The headline shift over the last 18 months in phishing operations is that adversary-in-the-middle (AitM) tooling is now commodity. Frameworks that used to require a skilled operator now ship as turnkey services with documentation, support, and a recurring subscription model.
For defenders, the practical consequence is that multi-factor authentication on its own is no longer a sufficient mitigation against credential-targeted phishing. Tokens are stolen alongside passwords through a reverse-proxy interception of the real authentication flow, replayed within minutes, and used to establish persistence before any human notices.
Detection layers have to look for replay signals — impossible-travel events, unusual user-agent strings, session-token reuse from new networks — rather than relying on the initial authentication event as the trust anchor. The shift is from "detect the phish at delivery" to "detect the misuse of stolen artefacts after authentication".
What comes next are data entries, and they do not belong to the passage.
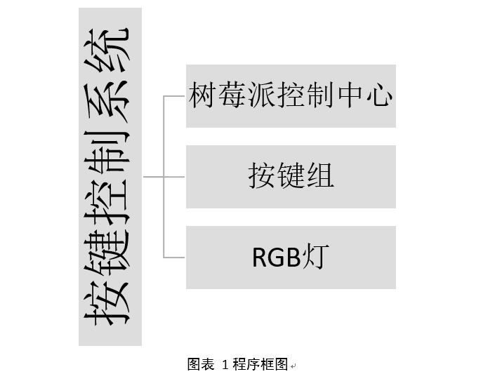 系统主要由树莓派、3个轻触开关和3个RGB灯组成,树莓派是整个系统的核心,通过检测按键的开关状态控制相应灯的亮灭。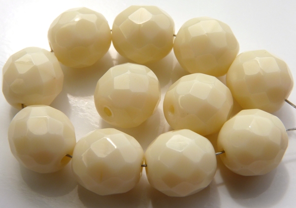 FP1-10-83529 Light Ivory Czech Glass Facet Firepolish 10mm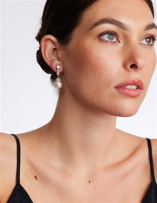 Each terminating on an interchangeable claw-set pear-shaped diamond swing drop weighing 4.72 carats and 4.50 carats respectively, and a pair of Australian South Sea pearls measuring approximately 12mm, surmounted by a bell cap pave-set with diamonds supported from a claw-set brilliant-cut diamond ear stud between a tapered baguette diamond connector, the small diamonds together weighing approximately 5.70 carats, mounted in 18ct white gold, length 33mm, post and scroll fittings (2).
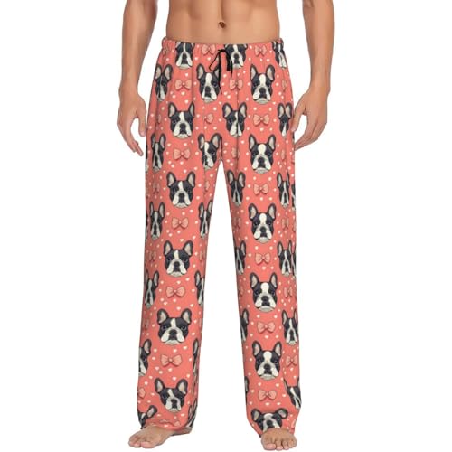 Mens Pajama Pants - Pink Bow French Bulldog Print Soft Sleep Lounge Pants For Men, Casual Pj Bottoms With Pockets 1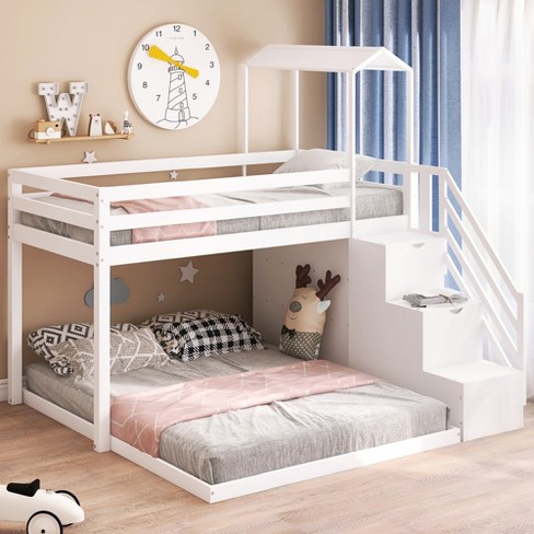 Twin Over Full Bunk Bed With Staircase Shelves And House Roof Very well made.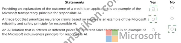 * Inclusiveness Principle - NoAn AI solution priced differently for various sales territories is unrelated to inclusiveness. Inclusiveness focuses on designing AI systems that are accessible and fair to all users, including those with disabilities or from different demographic backgrounds. Price variation across territories is a business strategy, not an ethical AI inclusion concern. Hence, this statement does not align with any Responsible AI principle.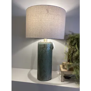 Add a touch of bohemian flair to a space with this unique table lamp. The ceramic base features an organic textured base finished in a distressed dark teal glaze, paired with polished nickel accents and thick crystal details. The hardback drum shade is white linen fabric. Due to the nature of fired glazes on ceramic lamps, finishes will vary slightly.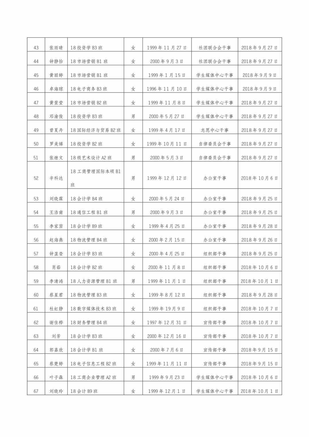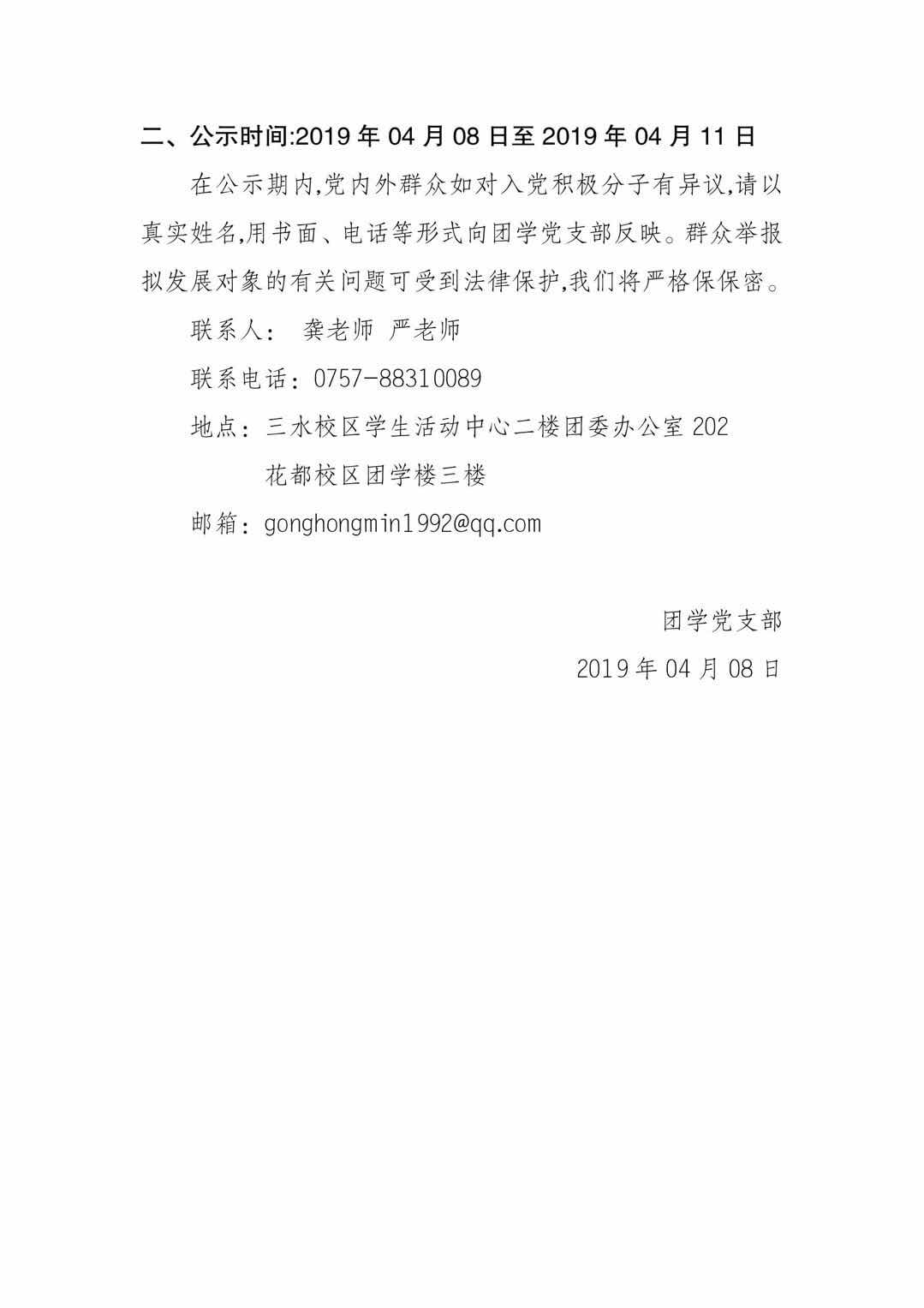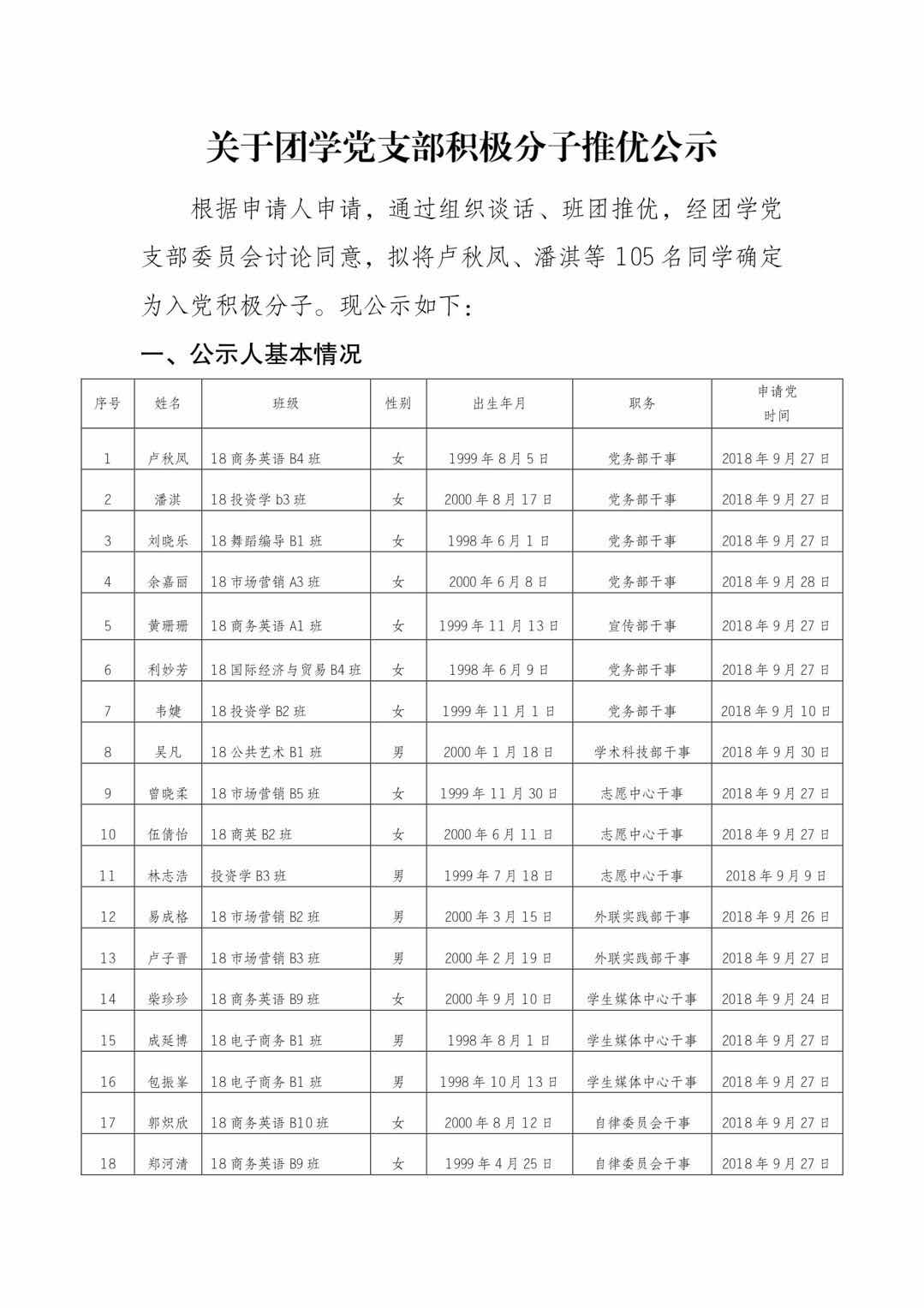 关于团学党支部积极分子推优公示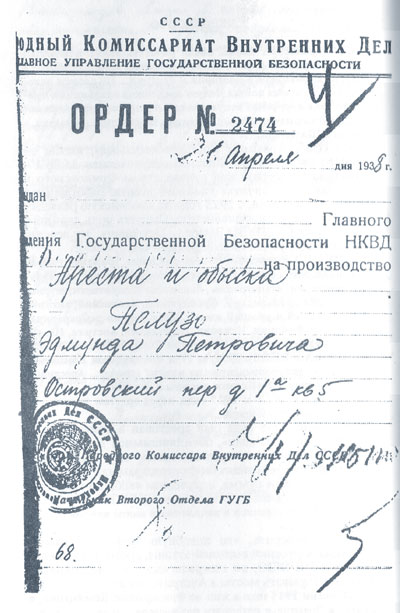 26 апреля 1938 года был арестован в самый разгар борьбы с «националами», обвинявшимися в шпионаже. Первым документом, предъявленным ему следствием, была вышеприведенная шифротелеграмма, причем в процессе допросов сумма, полученная якобы за выполнение задания, менялась, и по словам Пелузо: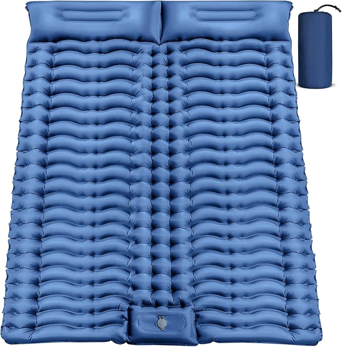 Double Sleeping Pad for Camping - Self Inflating 4" Extra-Thick for 2 Person with Pillow Built-in Foot Pump Inflatable Sleeping Mat for Backpacking, Hiking, Traveling, Tent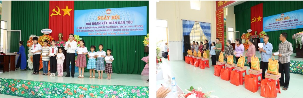 Ban Tổ chức tặng quà cho học sinh và người dân tại ngày hội

Microsoft has acknowledged this shift in their Entra documentation and product roadmap. Conditional Access policies that include device-compliance signals, sign-in risk evaluation, and continuous access evaluation are now the recommended baseline. Most organisations we work with have not yet completed the migration to this baseline.
On the training side, the message to employees has evolved. "Check the URL" was always weak advice — URLs are easy to typosquat and easier to obscure — but in an AitM world the URL the user sees during sign-in is genuinely the real Microsoft sign-in page, reverse-proxied. The user's URL bar inspection will reveal a wrong domain only if they explicitly check the registrable component and recognise the deviation. Most users will not.
What works better as a training message: "expect, recognise, and report." Expect that legitimate access requests originate from systems and contexts you have used before. Recognise unfamiliar prompts ("why is this asking me to sign in to Microsoft again?") as worth attention. Report through a single low-friction channel.
The reporting message is especially important in the AitM context. If the user authenticates through the phishing infrastructure but reports it within minutes, the SOC has a short window to revoke the session before the attacker can act on the stolen token. We have observed successful revocation windows as tight as four minutes in client engagements; we have also observed unreported tokens used productively for weeks.
Practical implications for awareness curricula: less time on URL-inspection content, more time on the "this feels unusual" signal and the reporting workflow. Practical implications for simulation programmes: include scenarios that test what happens after credential capture, not just whether the user clicked the link.
We are increasingly running AitM-aware simulation engagements where the simulated infrastructure mimics token-capture flow (without actually capturing tokens) and the success metric is reporting time post-authentication rather than click-rate. The metrics tell a different story than traditional simulation; the clients we have run them with consistently say the new story is more useful.